High-level analysis description

Analysis of the changes is performed in order to determine whether artifact B represents a performance change over artifact A. At a high level the analysis performed takes the following form:

How many significant test results indicate performance changes and what is the magnitude of the changes (i.e., how large are the changes regardless of the direction of change)?

  • If there are improvements and regressions with magnitude of medium or above then the comparison is mixed.
  • If there are only either improvements or regressions then the comparison is labeled with that kind.
  • If one kind of changes are of medium or above magnitude (and the other kind are not), then the comparison is mixed if 15% or more of the total changes are the other (small magnitude) kind. For example:
    • given 20 regressions (with at least 1 of medium magnitude) and all improvements of low magnitude, the comparison is only mixed if there are 4 or more improvements.
    • given 5 regressions (with at least 1 of medium magnitude) and all improvements of low magnitude, the comparison is only mixed if there 1 or more improvements.
  • If both kinds of changes are all low magnitude changes, then the comparison is mixed unless 90% or more of total changes are of one kind. For example:
    • given 20 changes of different kinds all of low magnitude, the result is mixed unless only 2 or fewer of the changes are of one kind.
    • given 5 changes of different kinds all of low magnitude, the result is always mixed.

Whether we actually report an analysis or not depends on the context and how relevant we find the summary of the results over all (see below for an explanation of how the relevance of a summary is determined). For example, in pull request performance “try” runs, we report a performance change if results are “somewhat relevant”, while for the triage report, we only report if the we are confident the results are “definitely relevant”.

What makes a test result significant?

A test result is significant if the relative change percentage is considered an outlier against historical data. Determining whether a value is an outlier is done through interquartile range “fencing” (i.e., whether a value exceeds a threshold equal to the third quartile plus 1.5 times the interquartile range):

interquartile_range = Q3 - Q1
result > Q3 + (interquartile_range * 3)

(Assuming the data is ordered, Q3 is the median of the upper half of the data while Q1 is the median of the lower half.)

We ignore the lower fence, because result data is bounded by 0.

This upper fence is called the “significance threshold”.

How is relevance of a test run summary determined?

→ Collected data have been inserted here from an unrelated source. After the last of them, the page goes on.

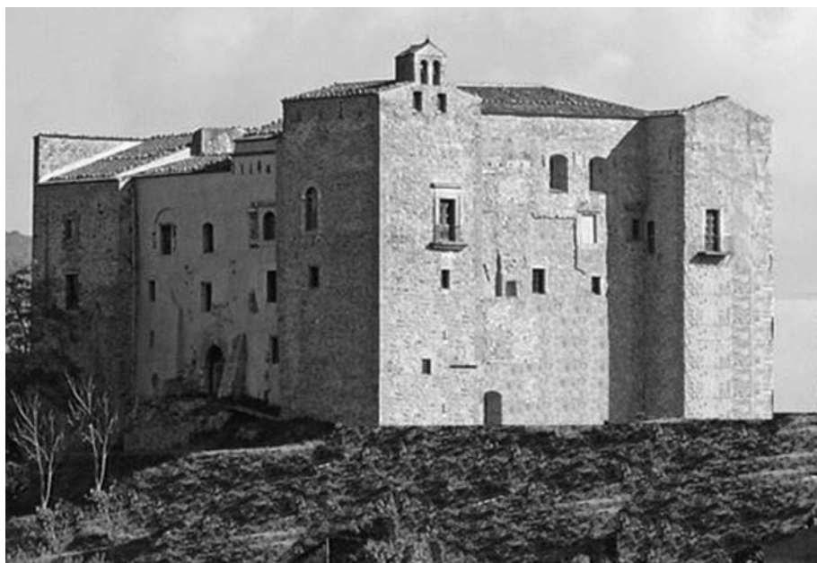
Castelbuono: il castello.
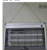
掛至牆壁上的掛勾 (※高度限180公分以上)
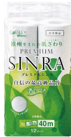
収集した雑がみによって作られたトイレトペーパー
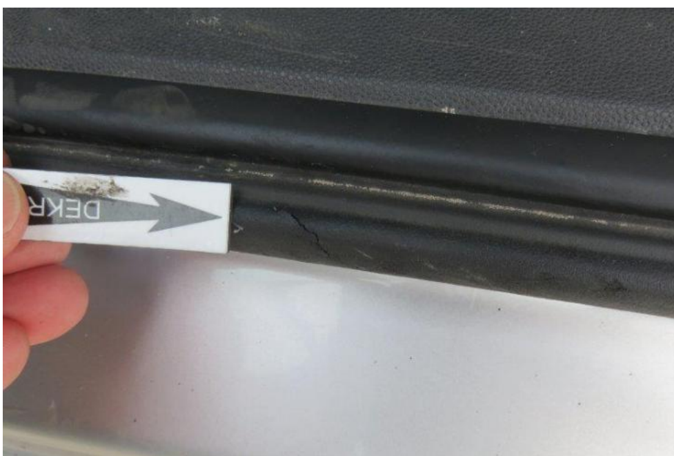
Fot. 28. próg lewy
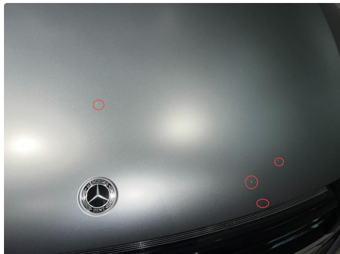
1.2 Stensprut rundt om på panser. Normalt for år/km.
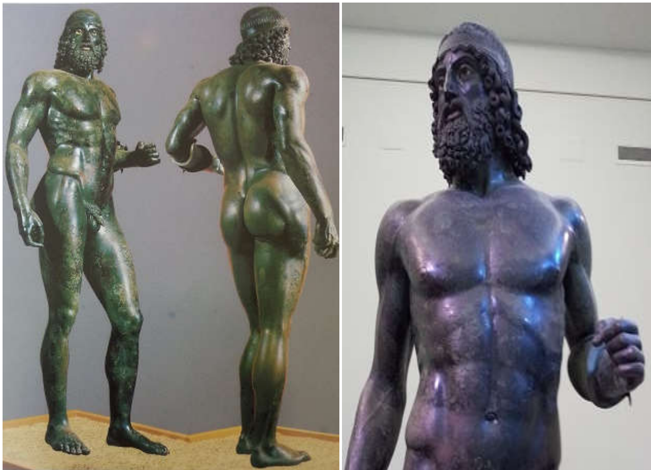
Fig. 2 Statua A

The relevance test run summary is determined by the number of significant and relevant test results and their magnitude.

Magnitude

Magnitude is a small set of discrete buckets describing how “big” a change is from “very small” to “very large”. It is a combination of two factors:

  • how much that change went over the significance threshold.
    • this criteria is the same regardless of which metric is being measured.
  • how large percentage wise a change is regardless of the direction of the change.
    • which bucket a change falls into is metric dependent (i.e., changes of the same percent might fall into different buckets depending on the metric in question)

As an example, if a change that is large in absolute terms only exceeds the significance threshold by a small factor, then the overall magnitude of the change is considered small. On the other hand, if a change is small in absolute terms but exceeds the significance threshold by a very large amount, then the overall magnitude of the change is considered large.

Relevance algorithm

The actual algorithm for determining relevance of a comparison summary may change, but in general the following rules apply:

  • High relevance: any number of very large or large changes, a small amount of medium changes, or a large number of small or very small changes.
  • Medium relevance: any number of very large or large changes, any medium change, or smaller but still substantial number of small or very small changes.
  • Low relevance: if it doesn't fit into the above two categories, it ends in this category.